Attachment #8858987 - Flags: review?(aosmond) → review+
> (given it has a threadsafe destructor)?

*Has threadsafe *refcounting*
(In reply to Andrew Osmond [:aosmond] from comment #18)
> What threads does imgLoader::mUncachedImagesMutex protect us from contention
> with? Most of the call trees into imgLoader::AddToUncachedImages and
> imgLoader::RemoveFromUncachedImages appear to be on the main thread (mostly
> called directly or indirectly from the methods we are adding the asserts
> to). Is it imgRequest::~imgRequest which can be called off main thread
> (given it has a threadsafe destructor)?

Exactly. The comment for mUncachedImagesMutex spells it out:

https://dxr.mozilla.org/mozilla-central/rev/a374c35469935a874fefe64d3e07003fc5bc8884/image/imgLoader.h#454

I don't expect the uncached images to be a problem here because they are basically only tracked so we can report them in about:memory. Once an image goes into the uncached images it shouldn't be in any of the cache data structures, and it should be impossible for it to return to the cache at a later time.
We had our first crash with the annotation

https://crash-stats.mozilla.com/report/index/67d0af19-481a-41b2-9925-35ff90170418

the gfx critical note says "request->HasConsumers() false inCache false". So the cache entry is somehow getting removed. Either some illegal off main thread access to the img cache is happening, or the ValidateEntry is somehow able to re-entry and modify the imgcache. I've got the patch (which I'll land shortly) to detect the off main thread case. I'll attach a patch to detect the other case.
Attachment #8859388 - Flags: review?(aosmond)
Comment on attachment 8858987 [details] [diff] [review]
mainthread asserts

[Security approval request comment]
How easily could an exploit be constructed based on the patch?

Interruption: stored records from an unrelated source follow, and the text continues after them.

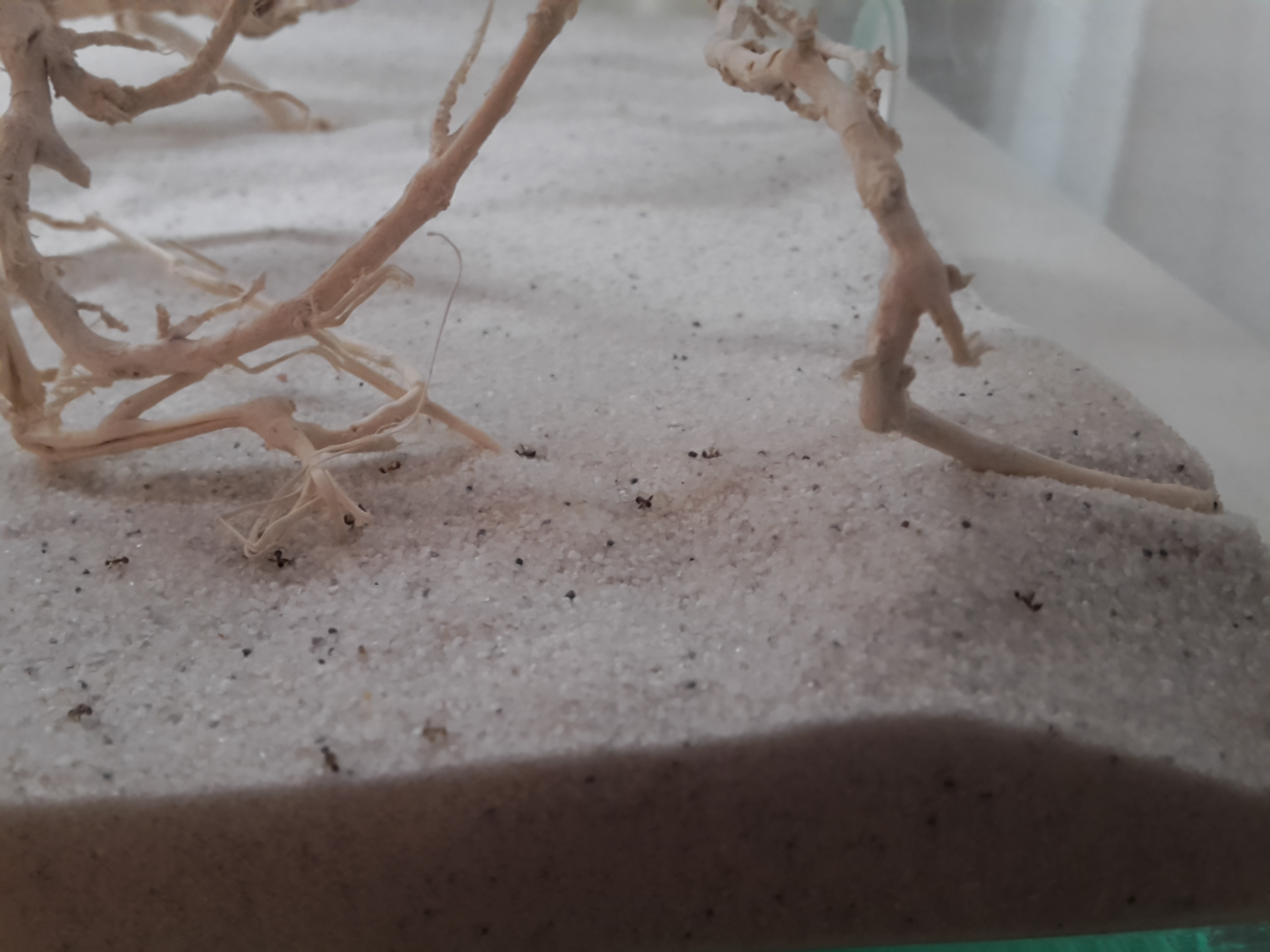 Die Arbeiterinnen haben begonnen die Leichen wieder aus dem Nest zu tragen und an den Seiten in der Arena und in Vertiefungen zu legen. Deshalb haben wir neben dem Nest und neben der Tränke eine Vertiefung gemacht in der Hoffnung, dass die Ameisen diese als Müllhaufen verwenden. Wir wollen den "Müll" schließlich entsorgen.
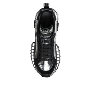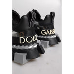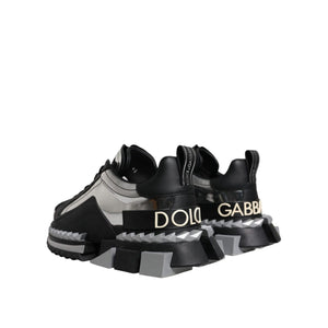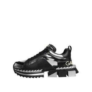 Dolce & Gabbana Black Silver SUPER KING Leather Sneaker Shoes
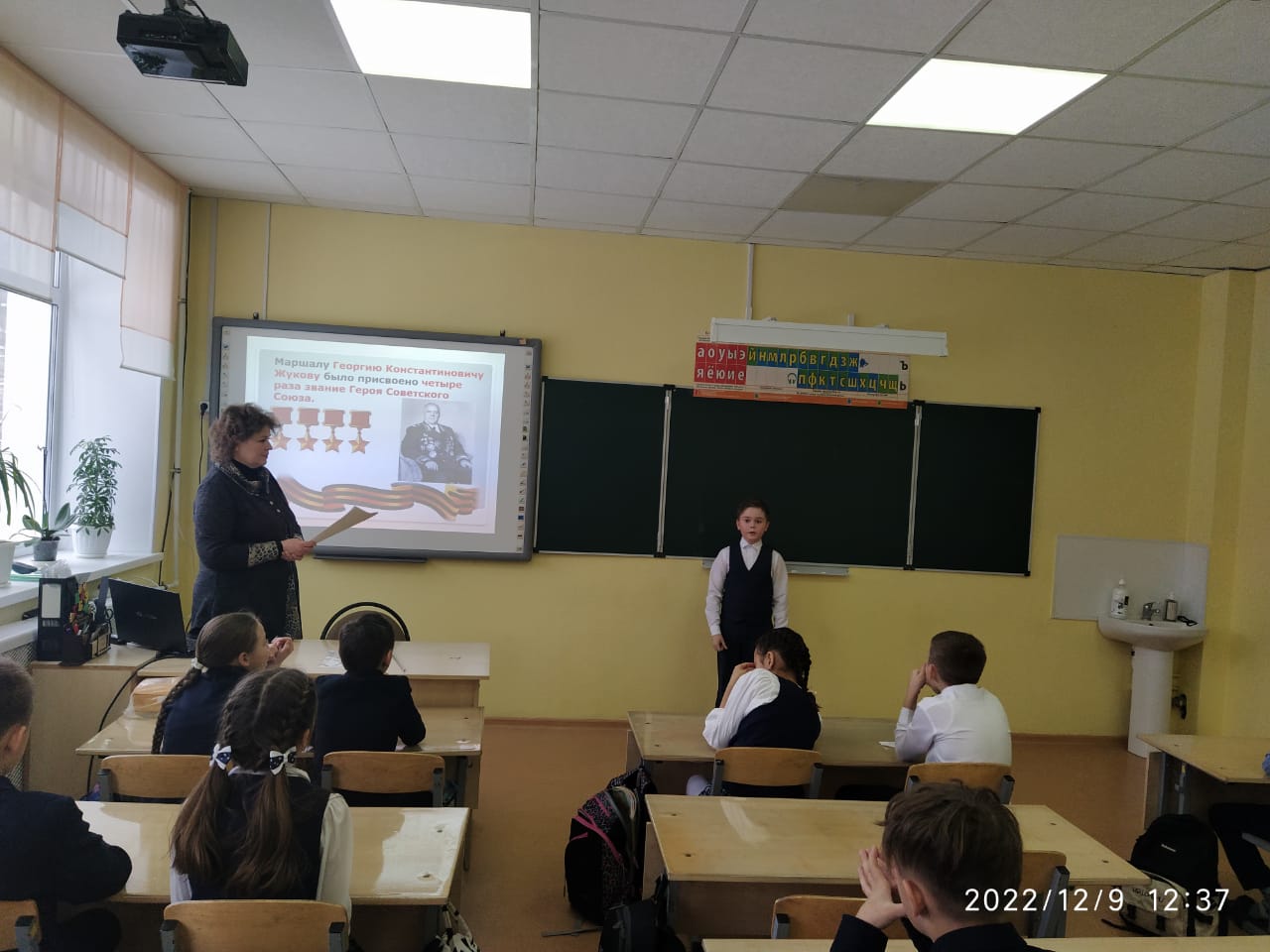 Россиядә Ватан Геройлары көне-безнең илдә ел саен 9 декабрьдә билгеләп үтелә торган истәлекле дата. Безнең мәктәптә бу истәлекле көнгә багышланган чара узды.

if the imgcache is indeed being used off main thread, and if the attacker sees the patch, looks at crash stats, finds a crash, sees the stack, and then is able to use the imgcache off main thread in the same way it might not be too hard to make this happen on a build without this diagnostic patch. We need to get this data ourselves before we can do anything about this problem though, not really any other way to get this data.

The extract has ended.